Before This Is Over | Amanda Hickie | Blogtour QandA @AmandaHickie @headlinepg #BeforeThisIsOver

 

Published by Headline Review

464 pages


Before this is Over is available to buy in ebook and will be available in paperback from 2 November 2017.  I’m delighted to be starting off the blog tour – my thanks to Jennifer of Headline for the review copy and for including me.  I have yet to read this so my review will follow, but for my turn today Amanda has kindly answered a few questions.

 

It’s a pleasure to welcome you to the blog Amanda, would you please introduce yourself and tell us a little about your background?

Thank you so much for having me! I’m from Sydney, Australia, where I live with my husband and two grown boys. I was lucky enough to have the second novel I wrote picked off the slush pile by an independent publisher here, MidnightSun, who published it under the title An Ordinary Epidemic. They also got it to the attention of an overseas agent who found it a home with Headline in the UK. It’s being published on November 2 under the title Before This Is Over.

Without giving away too much information, can you please tell us a little about Before This is Over and why you wanted to write this story.

Before This Is Over follows a family during the outbreak of a new disease, concentrating on the day to day struggles and dilemmas they find themselves in.

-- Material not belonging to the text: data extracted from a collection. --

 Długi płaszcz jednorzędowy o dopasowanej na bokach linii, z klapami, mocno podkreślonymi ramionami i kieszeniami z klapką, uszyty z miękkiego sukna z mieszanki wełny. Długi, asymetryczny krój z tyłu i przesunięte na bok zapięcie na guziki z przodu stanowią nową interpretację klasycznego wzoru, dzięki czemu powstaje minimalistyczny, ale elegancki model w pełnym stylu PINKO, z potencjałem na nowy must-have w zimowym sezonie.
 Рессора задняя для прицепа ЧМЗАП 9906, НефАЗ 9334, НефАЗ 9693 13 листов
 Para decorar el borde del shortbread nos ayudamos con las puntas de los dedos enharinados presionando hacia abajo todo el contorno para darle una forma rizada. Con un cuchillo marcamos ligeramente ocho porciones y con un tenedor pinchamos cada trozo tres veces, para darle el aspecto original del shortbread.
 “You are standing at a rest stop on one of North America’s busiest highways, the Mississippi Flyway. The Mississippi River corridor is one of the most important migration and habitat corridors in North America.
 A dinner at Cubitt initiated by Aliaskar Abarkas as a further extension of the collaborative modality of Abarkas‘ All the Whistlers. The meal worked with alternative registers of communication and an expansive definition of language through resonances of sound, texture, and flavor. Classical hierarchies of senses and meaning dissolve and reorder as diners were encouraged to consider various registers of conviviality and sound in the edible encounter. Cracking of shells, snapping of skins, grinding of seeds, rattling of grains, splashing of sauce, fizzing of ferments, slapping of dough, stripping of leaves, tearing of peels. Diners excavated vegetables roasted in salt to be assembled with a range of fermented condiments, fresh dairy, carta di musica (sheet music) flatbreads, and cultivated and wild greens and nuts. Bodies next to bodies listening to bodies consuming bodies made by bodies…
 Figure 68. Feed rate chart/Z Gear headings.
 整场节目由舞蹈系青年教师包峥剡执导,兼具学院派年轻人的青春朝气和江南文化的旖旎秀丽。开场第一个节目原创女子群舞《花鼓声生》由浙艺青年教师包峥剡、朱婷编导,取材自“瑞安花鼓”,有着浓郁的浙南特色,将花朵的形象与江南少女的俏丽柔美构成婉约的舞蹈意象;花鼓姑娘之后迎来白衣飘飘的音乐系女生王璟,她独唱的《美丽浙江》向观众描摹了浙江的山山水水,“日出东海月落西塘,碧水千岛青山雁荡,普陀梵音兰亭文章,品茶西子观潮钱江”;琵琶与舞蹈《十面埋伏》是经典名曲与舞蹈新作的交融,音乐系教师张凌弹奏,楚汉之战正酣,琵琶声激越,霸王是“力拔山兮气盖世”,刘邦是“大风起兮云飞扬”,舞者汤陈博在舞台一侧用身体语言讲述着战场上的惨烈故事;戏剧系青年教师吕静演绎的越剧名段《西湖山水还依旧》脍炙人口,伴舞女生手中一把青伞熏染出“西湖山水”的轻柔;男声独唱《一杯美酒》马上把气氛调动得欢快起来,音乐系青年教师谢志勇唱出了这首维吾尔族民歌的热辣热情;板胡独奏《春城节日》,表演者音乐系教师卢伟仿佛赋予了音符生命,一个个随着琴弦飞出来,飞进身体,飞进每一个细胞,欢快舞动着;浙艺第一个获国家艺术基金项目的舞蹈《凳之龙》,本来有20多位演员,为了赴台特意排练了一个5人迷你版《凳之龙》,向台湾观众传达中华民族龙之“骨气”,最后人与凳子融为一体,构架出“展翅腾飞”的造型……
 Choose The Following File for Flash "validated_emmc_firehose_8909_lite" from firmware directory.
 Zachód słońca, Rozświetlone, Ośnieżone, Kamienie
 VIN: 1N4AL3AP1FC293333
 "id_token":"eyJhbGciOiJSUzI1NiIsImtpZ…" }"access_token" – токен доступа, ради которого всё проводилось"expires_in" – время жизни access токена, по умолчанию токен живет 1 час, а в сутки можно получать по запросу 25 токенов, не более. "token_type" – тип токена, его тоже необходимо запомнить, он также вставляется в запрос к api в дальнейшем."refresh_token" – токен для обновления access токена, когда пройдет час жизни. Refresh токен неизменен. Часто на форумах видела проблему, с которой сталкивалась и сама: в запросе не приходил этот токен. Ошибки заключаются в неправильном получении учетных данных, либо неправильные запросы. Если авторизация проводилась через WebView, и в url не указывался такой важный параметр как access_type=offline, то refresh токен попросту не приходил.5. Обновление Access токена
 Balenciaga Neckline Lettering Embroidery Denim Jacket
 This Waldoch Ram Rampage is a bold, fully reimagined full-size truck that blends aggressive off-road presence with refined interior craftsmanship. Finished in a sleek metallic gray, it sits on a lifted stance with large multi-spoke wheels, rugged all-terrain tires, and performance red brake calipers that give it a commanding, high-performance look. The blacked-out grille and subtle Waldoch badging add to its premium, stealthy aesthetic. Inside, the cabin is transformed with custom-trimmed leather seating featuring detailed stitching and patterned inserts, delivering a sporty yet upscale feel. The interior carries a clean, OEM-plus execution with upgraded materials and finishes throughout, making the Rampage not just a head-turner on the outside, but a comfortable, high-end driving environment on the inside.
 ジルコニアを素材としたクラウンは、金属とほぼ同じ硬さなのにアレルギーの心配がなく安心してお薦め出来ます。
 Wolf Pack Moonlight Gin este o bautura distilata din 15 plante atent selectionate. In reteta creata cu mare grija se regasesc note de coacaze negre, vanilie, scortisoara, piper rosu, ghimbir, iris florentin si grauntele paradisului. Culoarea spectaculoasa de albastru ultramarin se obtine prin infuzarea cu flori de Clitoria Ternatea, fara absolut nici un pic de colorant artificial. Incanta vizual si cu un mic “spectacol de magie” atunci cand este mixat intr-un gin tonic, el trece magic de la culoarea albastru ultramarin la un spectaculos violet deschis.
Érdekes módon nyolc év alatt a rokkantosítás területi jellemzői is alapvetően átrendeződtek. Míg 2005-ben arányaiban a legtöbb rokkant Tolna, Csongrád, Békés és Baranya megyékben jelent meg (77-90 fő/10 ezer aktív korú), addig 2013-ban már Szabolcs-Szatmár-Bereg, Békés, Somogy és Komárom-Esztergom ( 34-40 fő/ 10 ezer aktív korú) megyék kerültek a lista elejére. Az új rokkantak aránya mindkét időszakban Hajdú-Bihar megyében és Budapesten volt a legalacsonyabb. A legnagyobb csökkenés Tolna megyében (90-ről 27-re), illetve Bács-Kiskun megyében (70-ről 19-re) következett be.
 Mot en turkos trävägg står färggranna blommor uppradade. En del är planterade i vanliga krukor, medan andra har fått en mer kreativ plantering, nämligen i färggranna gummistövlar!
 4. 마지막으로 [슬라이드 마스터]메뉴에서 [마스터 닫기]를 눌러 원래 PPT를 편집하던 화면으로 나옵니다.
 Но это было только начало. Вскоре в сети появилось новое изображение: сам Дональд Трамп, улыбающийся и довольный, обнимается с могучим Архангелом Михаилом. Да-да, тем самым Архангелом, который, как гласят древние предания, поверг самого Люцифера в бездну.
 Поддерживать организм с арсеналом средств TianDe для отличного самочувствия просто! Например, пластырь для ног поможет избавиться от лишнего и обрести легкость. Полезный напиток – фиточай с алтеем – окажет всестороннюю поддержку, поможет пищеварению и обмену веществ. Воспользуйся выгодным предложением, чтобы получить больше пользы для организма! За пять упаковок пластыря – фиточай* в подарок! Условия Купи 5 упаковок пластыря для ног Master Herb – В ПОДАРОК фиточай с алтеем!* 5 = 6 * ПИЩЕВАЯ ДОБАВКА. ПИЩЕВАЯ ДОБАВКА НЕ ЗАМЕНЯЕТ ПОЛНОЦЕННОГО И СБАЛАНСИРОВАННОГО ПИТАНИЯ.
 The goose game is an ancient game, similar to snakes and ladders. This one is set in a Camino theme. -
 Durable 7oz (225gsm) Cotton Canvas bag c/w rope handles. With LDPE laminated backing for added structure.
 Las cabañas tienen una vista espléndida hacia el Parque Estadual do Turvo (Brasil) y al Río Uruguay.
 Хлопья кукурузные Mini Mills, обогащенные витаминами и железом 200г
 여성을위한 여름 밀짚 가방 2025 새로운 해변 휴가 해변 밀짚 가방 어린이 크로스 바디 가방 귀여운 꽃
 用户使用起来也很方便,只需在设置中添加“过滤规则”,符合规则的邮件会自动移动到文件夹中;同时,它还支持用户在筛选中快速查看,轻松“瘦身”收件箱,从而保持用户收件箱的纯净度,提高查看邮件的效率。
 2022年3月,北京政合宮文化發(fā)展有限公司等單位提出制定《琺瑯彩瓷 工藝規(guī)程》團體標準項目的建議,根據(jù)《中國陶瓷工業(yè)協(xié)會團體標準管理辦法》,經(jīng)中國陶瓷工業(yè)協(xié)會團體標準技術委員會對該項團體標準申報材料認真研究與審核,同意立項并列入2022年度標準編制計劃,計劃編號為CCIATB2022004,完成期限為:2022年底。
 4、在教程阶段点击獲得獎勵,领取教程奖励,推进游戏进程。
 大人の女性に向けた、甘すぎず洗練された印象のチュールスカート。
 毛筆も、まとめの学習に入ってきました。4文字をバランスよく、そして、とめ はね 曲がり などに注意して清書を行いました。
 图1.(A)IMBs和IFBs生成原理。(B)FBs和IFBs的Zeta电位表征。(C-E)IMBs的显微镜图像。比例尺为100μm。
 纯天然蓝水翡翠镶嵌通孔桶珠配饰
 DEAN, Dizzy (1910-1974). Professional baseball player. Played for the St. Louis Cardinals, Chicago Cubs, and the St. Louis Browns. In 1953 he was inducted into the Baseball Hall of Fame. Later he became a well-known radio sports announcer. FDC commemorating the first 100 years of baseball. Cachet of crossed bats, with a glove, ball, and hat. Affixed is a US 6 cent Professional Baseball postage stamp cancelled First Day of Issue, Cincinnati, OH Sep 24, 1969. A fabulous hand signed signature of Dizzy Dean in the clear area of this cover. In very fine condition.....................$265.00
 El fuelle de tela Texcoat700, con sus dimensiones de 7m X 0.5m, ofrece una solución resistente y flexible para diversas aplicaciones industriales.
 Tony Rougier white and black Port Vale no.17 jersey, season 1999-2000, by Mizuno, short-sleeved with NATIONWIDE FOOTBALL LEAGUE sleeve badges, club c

I’ve often thought that we write a lot about families falling apart but it’s a topic I find less interesting than families that are working — because making it work is not easy. I had in the back of my mind that I’d like to try something that was positive about those bonds, particularly in relation to teenagers. And then I found myself living in Ottawa, Canada during the SARS outbreak in Toronto. It occurred to me that we might end up shutting ourselves in the house if it came down the road to us. And that felt like a good way to explore a family.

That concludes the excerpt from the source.